-- Input data follows --

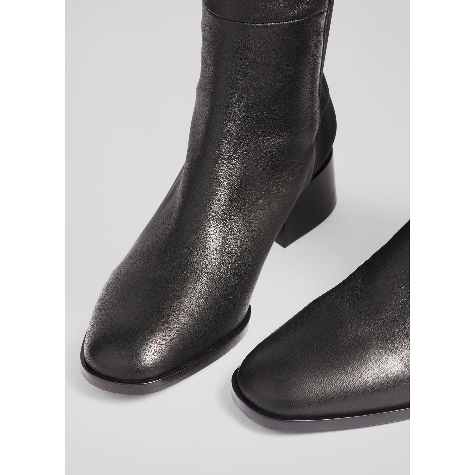 Черные полусапоги Duke с высокой посадкой. В элегантных ботфортах Duke с высокой посадкой вы будете чувствовать себя уверенно в любой обстановке. Эти черные сапоги выше колена изготовлены из роскошной кожи наппа, отличаются элегантным кроем и удобным плоским каблуком. Идеально сочетаются с узкими джинсами или струящейся юбкой, создавая непринужденный и стильный образ.
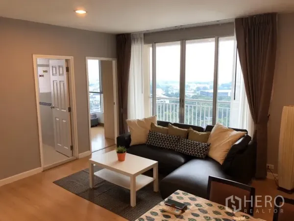 Move into a 43 sqm, 1-bedroom, 1-bath condominium in Watthana, ideal for city living near BTS Phra Khanong. The bright lounge pairs a beige L-shaped sofa with a compact dining corner and a stylish striped feature wall. A restful bedroom offers a sliding wardrobe and window blinds, while the bathroom includes a relaxing bathtub. The separate kitchen opens to the balcony and comes fitted with orange cabinetry, sink, cooktop, hood, and fridge—perfect for everyday cooking.
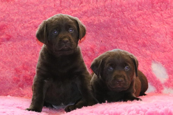Vi er så heldige, at vi har fået små brune Labrador hvalpe.

-- Input data concluded --

▶ Your goal
Write out the data above precisely. Pictures stay out.

▶ Output for this task
 Черные полусапоги Duke с высокой посадкой. В элегантных ботфортах Duke с высокой посадкой вы будете чувствовать себя уверенно в любой обстановке. Эти черные сапоги выше колена изготовлены из роскошной кожи наппа, отличаются элегантным кроем и удобным плоским каблуком. Идеально сочетаются с узкими джинсами или струящейся юбкой, создавая непринужденный и стильный образ.
 Move into a 43 sqm, 1-bedroom, 1-bath condominium in Watthana, ideal for city living near BTS Phra Khanong. The bright lounge pairs a beige L-shaped sofa with a compact dining corner and a stylish striped feature wall. A restful bedroom offers a sliding wardrobe and window blinds, while the bathroom includes a relaxing bathtub. The separate kitchen opens to the balcony and comes fitted with orange cabinetry, sink, cooktop, hood, and fridge—perfect for everyday cooking.
Vi er så heldige, at vi har fået små brune Labrador hvalpe.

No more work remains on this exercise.